Throw-away references to the past in the other two books plagued me and had to be shoe-horned into the new one - which meant two characters both called Nikolai (argh!) and Valentina aged 15 years old when she first met Jens, not 17, as I needed her to be in Jewel (aargh!). Constantly I was tripped up. Harder still was planting in my portrayal of Valentina the seeds of the person she was to become.
Nevertheless I loved writing The Jewel of St Petersburg and exploring Valentina's world, displaying the magnificence of Russia as well as its suffering. Giving a glimpse of how the two are twined inexorably together. So now I shall sit back and keep a sharp eye on Valentina as she flashes her red skirts in the bookstores.
Tuesday, 3 August 2010
JEWEL's Publication Day
Saturday, 17 July 2010
Showtime
Last week I was wined and dined right royally by my publisher, Jo Dickinson, with a whole bunch of the marketing and sales bigwigs from Little Brown UK, along with fellow author, the lovely Bernadette Strachan. The venue was a classy restaurant on the Embankment in London overlooking the Thames - though we were downstairs in a private room. I think they were hiding us away in a wine cellar, not quite trusting authors to behave properly!
They are such a super team at Little Brown UK, I count myself lucky. I assure you that not all publishing houses are as warm and welcoming or go out of their way to make the experience easy for you.

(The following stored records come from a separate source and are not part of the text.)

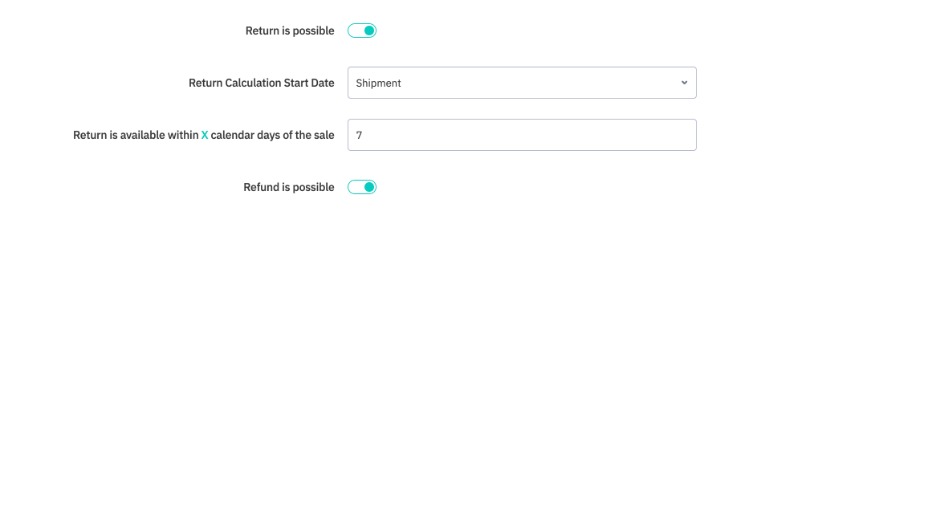 Return is available within [X] calendar days of the sale: Defines how long (in days) it is possible to return the product.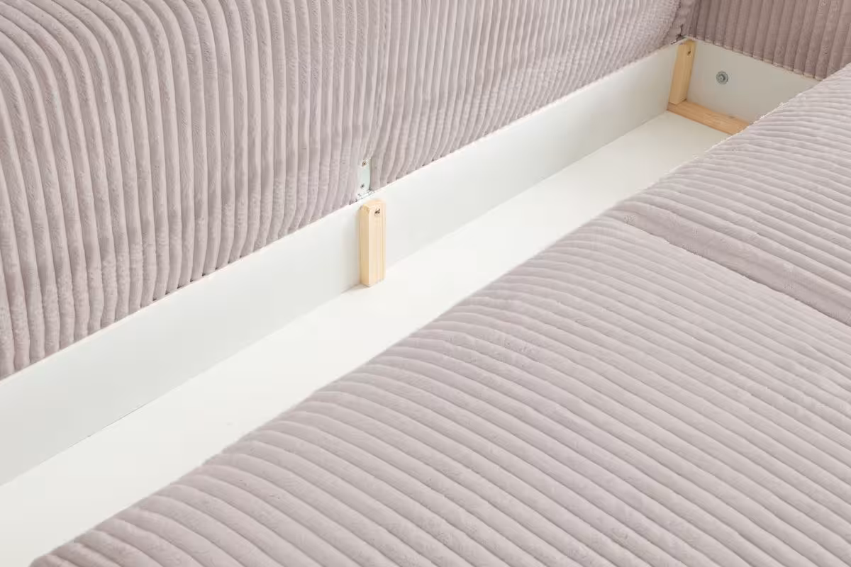 Funkcją spania jest jednym z głównych atutów sofy Espania. To rozwiązanie idealne dla tych, którzy chcą korzystać z przestrzeni w maksymalnie efektywny sposób. Gdy tylko zechcesz, możesz zamienić tę urokliwą sofę w wygodne łóżko. To znakomite rozwiązanie dla gości lub w sytuacjach, gdy potrzebujesz dodatkowego miejsca do spania. Dodatkowy plus? Pojemnik na pościel, który znajduje się pod siedziskiem sofy. To sprytne rozwiązanie, które pozwala na przechowywanie pościeli czy kołder bez zajmowania dodatkowej przestrzeni w szafie.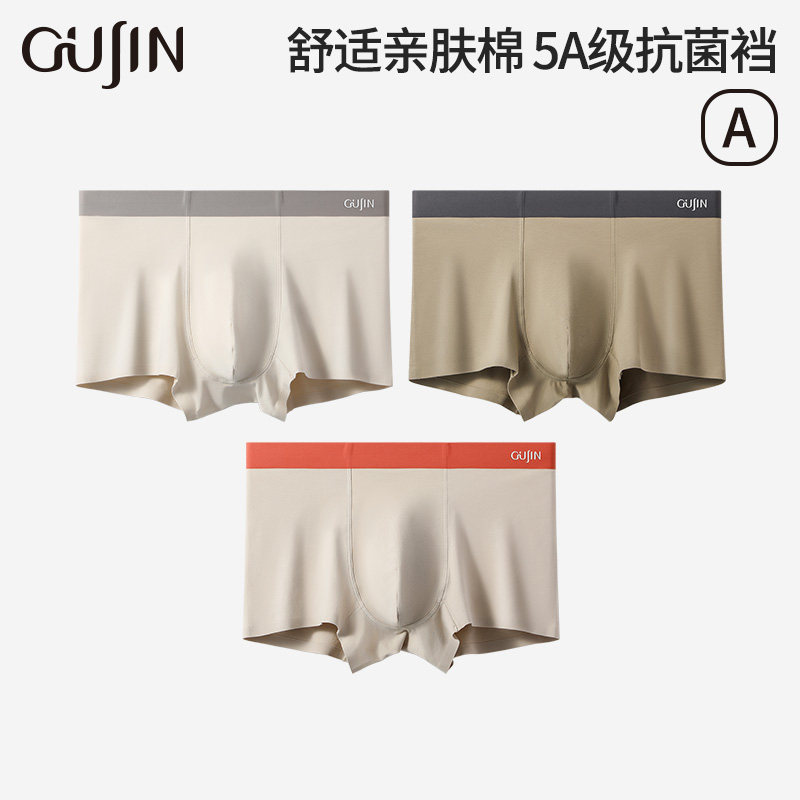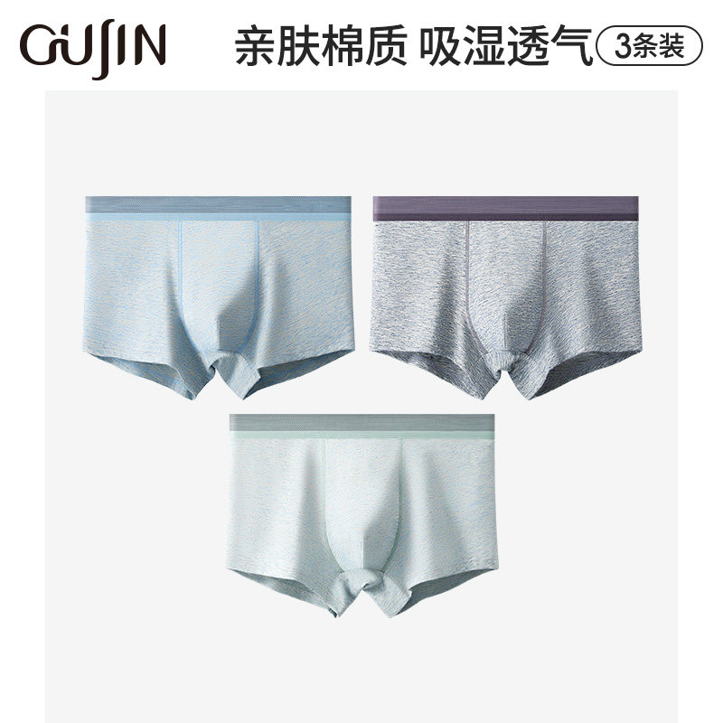 肌理精梳棉|古今@纯棉男士内裤全棉抗菌透气无痕中腰平角裤新款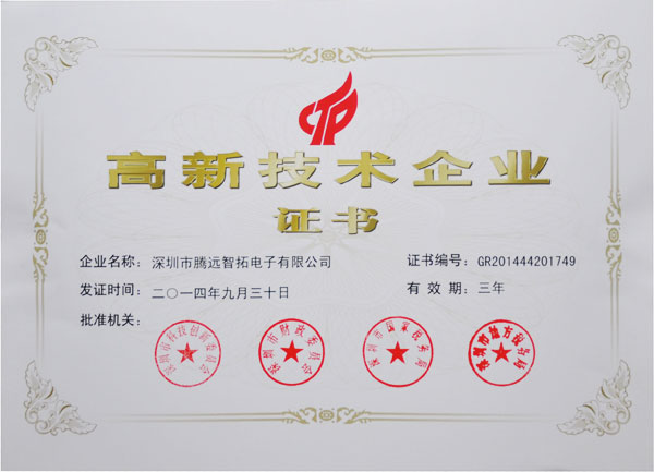 2014年9月30日,深圳市科技创新委员会颁布公示文件:《2014年深圳市第二批拟认定国家高新技术企业名单的通知》,该通知正式评定深圳市通宝TB222电子有限公司为我国国家高新技术企业!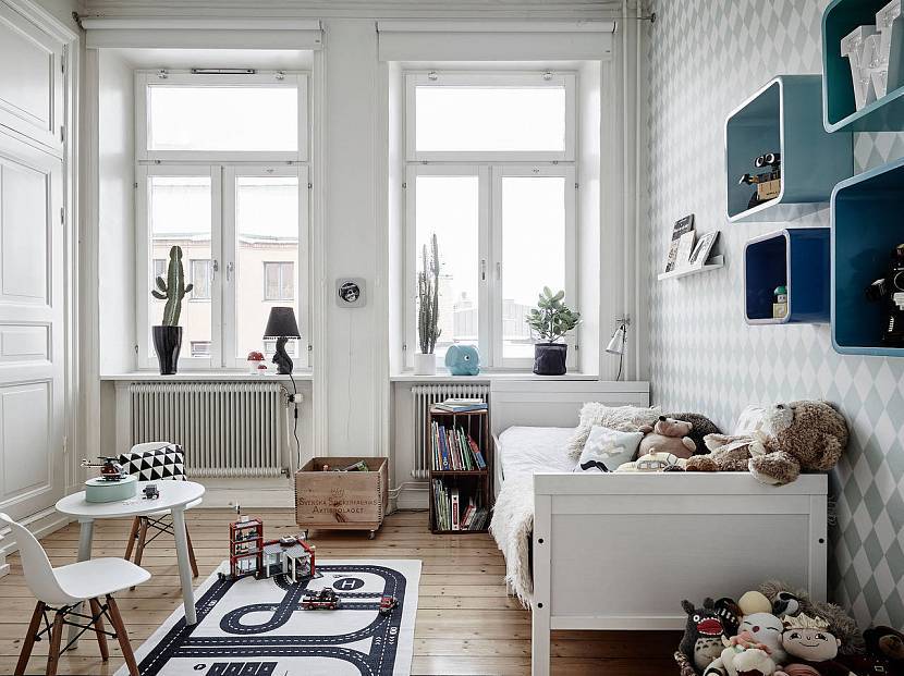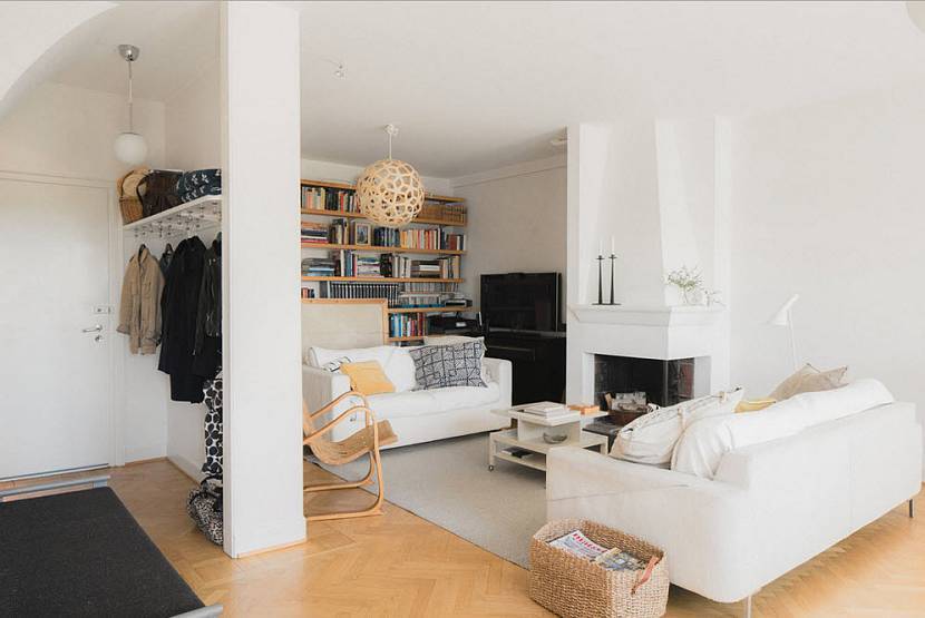 - Гостиная. В шведских домах обычно кухня плавно переходит в столовую, а столовая — в гостиную, но каждая комната имеет свое функциональное назначение. В гостиной может располагаться удобный мягкий диван, какой-нибудь интересный журнальный столик, торшер, камин. В шведском стиле хорошо уживаются ретро-вещи с современной техникой или элементами декора в стиле модерн.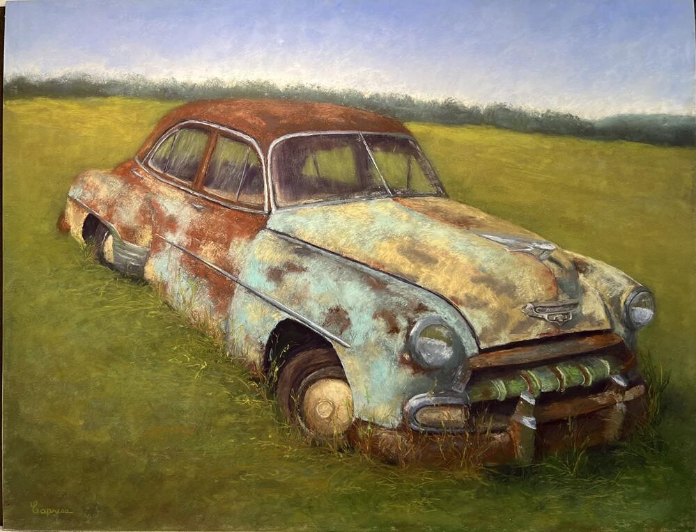This is the 5th in a series of rusty vehicles in Arkansas. This one sat at the bottom of Petit Jean Mountain. Creating the texture of rust is a lot of fun and a little abstract. This painting is framed. This is the 5th in a series of rusty vehicles in Arkansas. This one sat at the bottom of Petit Jean Mountain. Creating the texture of rust is a lot of fun and a little abstract. This painting is framed. |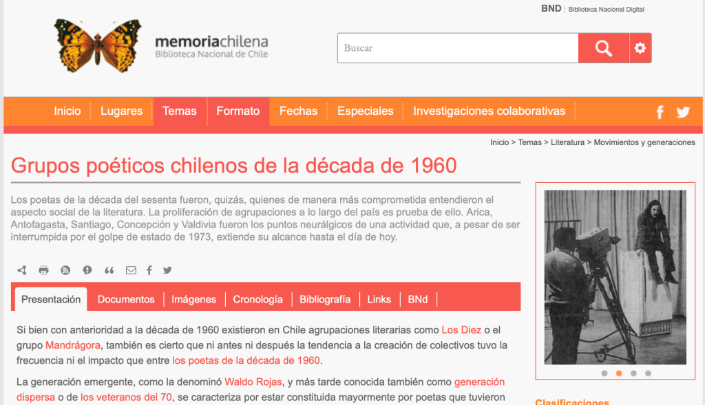 Los poetas de la década del sesenta fueron, quizás, quienes de manera más comprometida entendieron el aspecto social de la literatura. La proliferación de agrupaciones a lo largo del país es prueba de ello. Arica, Antofagasta, Santiago, Concepción y Valdivia fueron los puntos neurálgicos de una actividad que, a pesar de ser interrumpida por el golpe de estado de 1973, extiende su alcance hasta el día de hoy.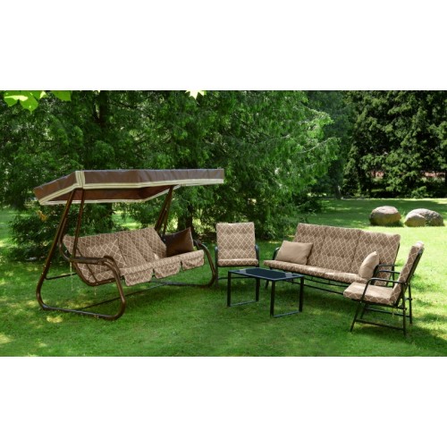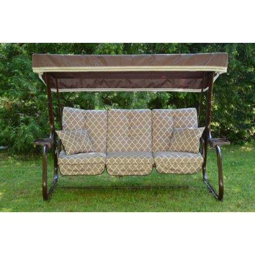 Мягкий элемент: ткань 40% п/э – 60% хлопок, плотность 220-230г/м2, наполнитель мягкого элемента поролон + синтепон общей толщиной 80мм. Увеличенная высота спинки сиденья. Декор мягкого элемента тафтингом. Подушки – 2шт двухцветные.(наполнитель – синтепон)
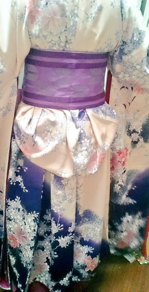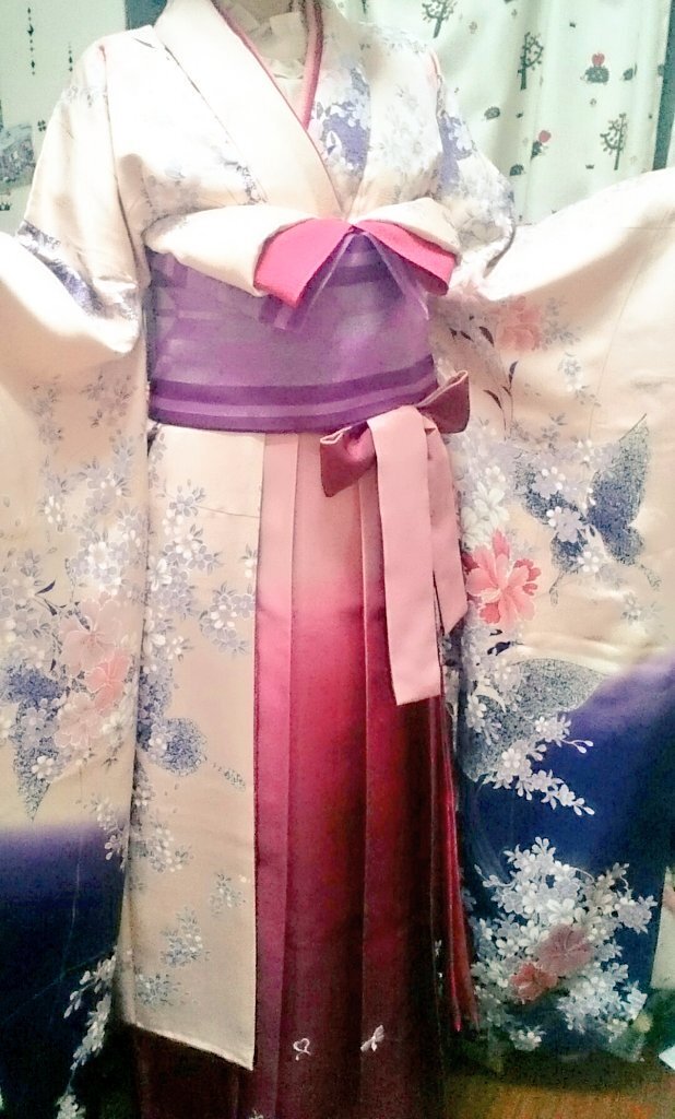 #令和 カラー振袖コーデ② 袴の上に着物 前のおはしょりを上から出して #帯結ばない帯結び で自作の「帯のつけ襟」っぽく 後ろのおはしょりはバッスル風 #川原マリア さんの左前 思い付きコーデなので小物足りない… #令和装 #令和元年を着物元年に #ツイ廃着物部 #着物自画撮部 #着物コーディネート pic.x.com/ZdDiRm5prq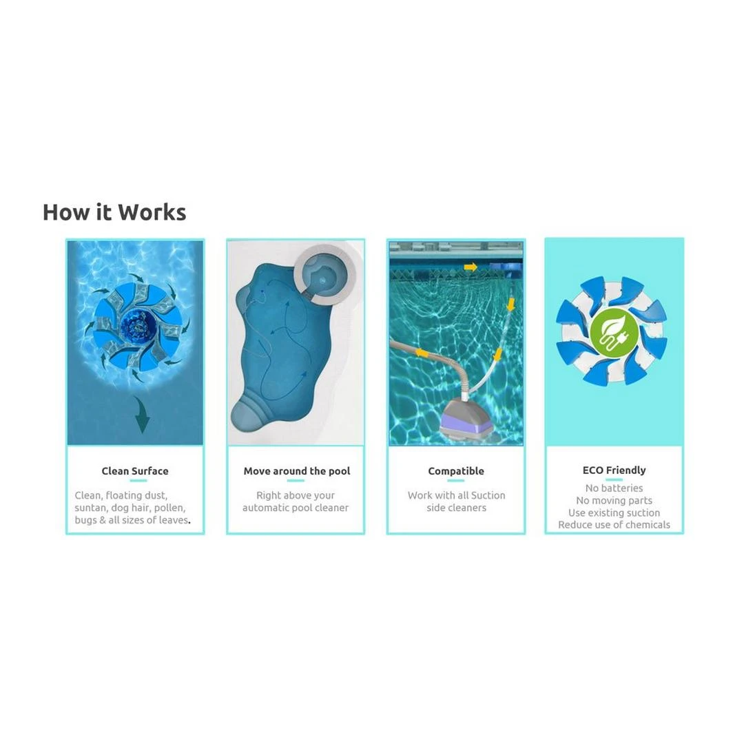 SkimmerMotion is the perfect accessory for any suction side pool cleaner! This pool surface cleaner includes adapters for all brands, including Zodiac, to universally connect to any suction side cleaner. The SkimmerMotion moves along with your cleaner, eliminating dust, bugs and small leaves from the water surface.

Bernie and I managed not to drop gravy over any of them or throw wine over our nextdoor neighbour - which was my cringe-worthy pièce-de-resistance last time I was at a restaurant in London.
Most of the year a writer keeps in regular touch with editors and PR, but it is rare to have the chance of a get-together with the marketing and sales teams. These are the people at the sharp end of book selling. It turned out to be quite an eye-opener at times. Like the fact that they get about one minute to sell your book to the supermarket buyers. Supermarkets are now major players in the book world and it's important to get them on board. But ... one minute?? That takes some pretty fast talking and an ability to push the right buttons straight off. I just had to hug these guys. They do such a fabulous job for me.
So while The Jewel of St Petersburg picks up its skirts and starts dancing, I am now deeply engrossed in Malaya where my next book is set. Fighting my way through steamy heat and jungle, sailing the Malacca Straits, lazing on colonial verandas and knocking back the gin-slings. Oh yes, and there's an occasional Zero or two on the horizon. A far cry from the snowy elegance of St Petersburg. That's the joy of writing - you never know what's coming next.